Task brief: Please print every record below exactly as it appears, but leave out the pictures.

(Data records)

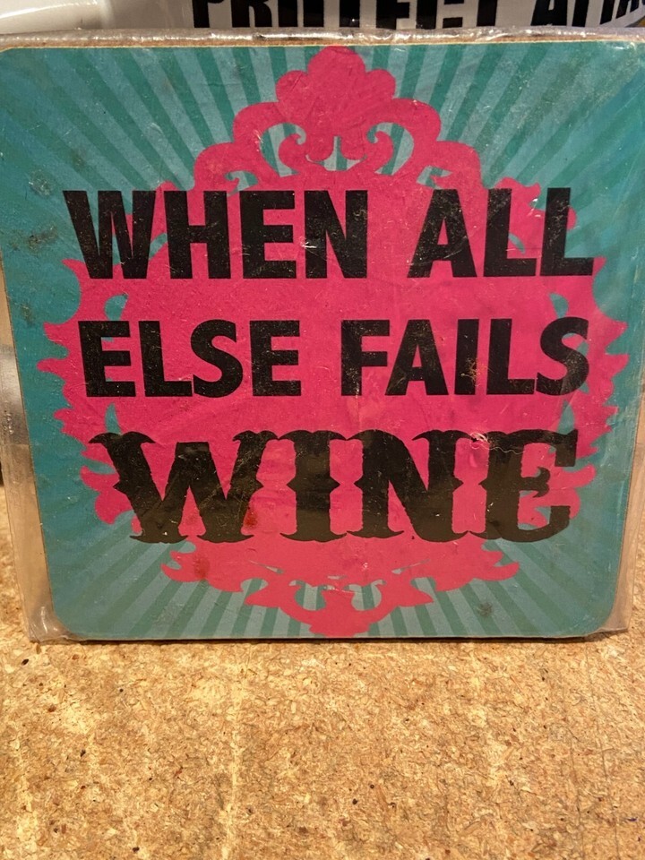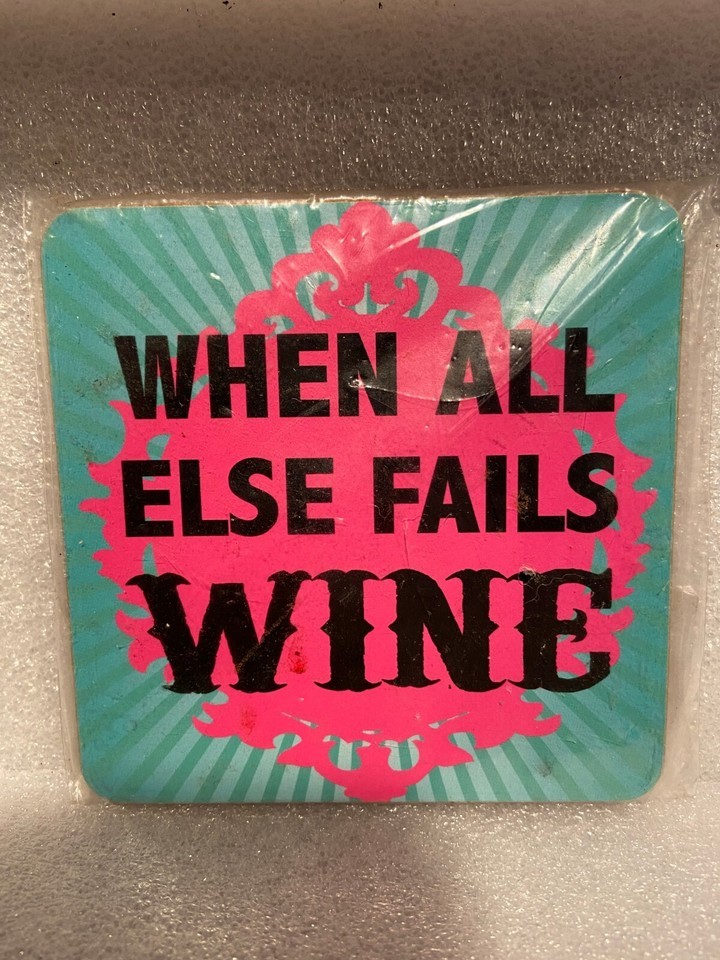 Single Drink Coaster "When All Else Fails WINE" 3.75" X 3.75" *NEW/Unused* jjj1
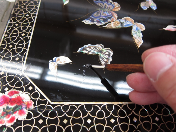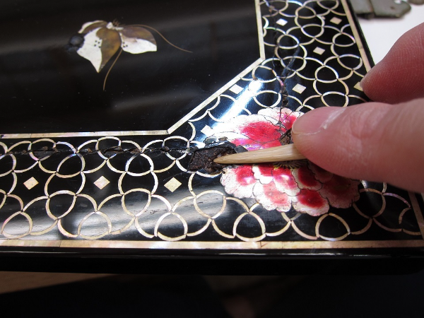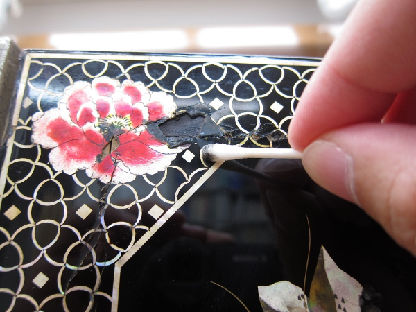 螺鈿の剥離部分に膠水を含浸
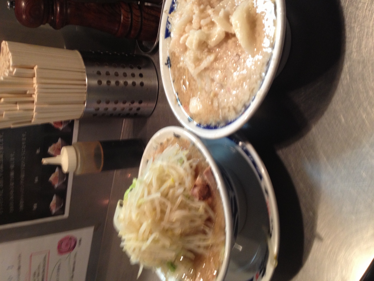 二郎のインスパイアで黄色い看板がその印。ラーメンは普通でも大盛りくらいあり、また野菜はさらに増すことも可能で、他にはアブラやにんにくも増量できます。腹が減ったら満足できます。少し、駅から歩きますがいい運動でした。
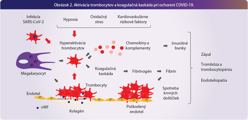 - Infekcia SARS-CoV-2 priamo a nepriamo spôsobuje nekontrolované imunitné reakcie, hyperaktiváciu krvných doštičiek a endoteliálnu dysfunkciu, ktoré sa navzájom ovplyvňujú a dochádza k ich zhoršeniu vplyvom kardiovaskulárnych rizikových faktorov.
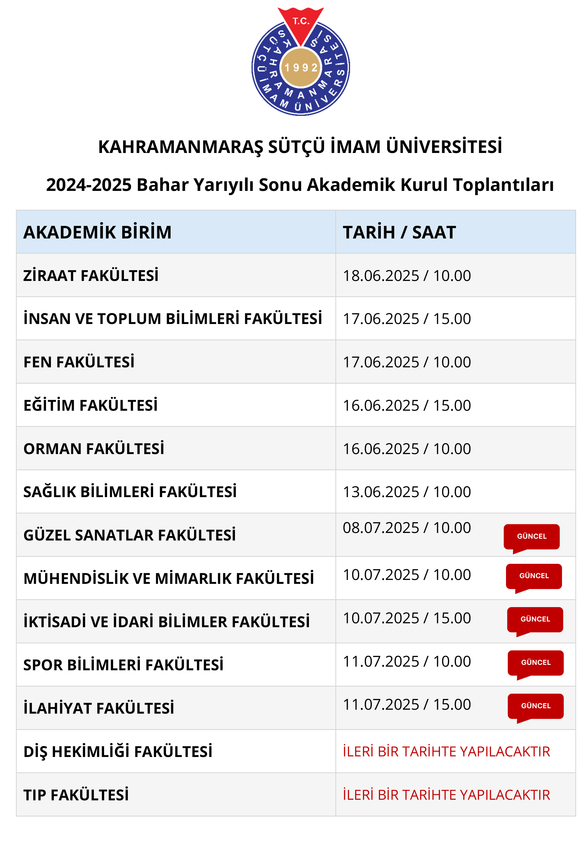 2024-2025 Bahar Yarıyılı Sonu Akademik Kurul Toplantıları

(End Data records)

Answer box:
 Single Drink Coaster "When All Else Fails WINE" 3.75" X 3.75" *NEW/Unused* jjj1
 螺鈿の剥離部分に膠水を含浸
 二郎のインスパイアで黄色い看板がその印。ラーメンは普通でも大盛りくらいあり、また野菜はさらに増すことも可能で、他にはアブラやにんにくも増量できます。腹が減ったら満足できます。少し、駅から歩きますがいい運動でした。
 - Infekcia SARS-CoV-2 priamo a nepriamo spôsobuje nekontrolované imunitné reakcie, hyperaktiváciu krvných doštičiek a endoteliálnu dysfunkciu, ktoré sa navzájom ovplyvňujú a dochádza k ich zhoršeniu vplyvom kardiovaskulárnych rizikových faktorov.
 2024-2025 Bahar Yarıyılı Sonu Akademik Kurul Toplantıları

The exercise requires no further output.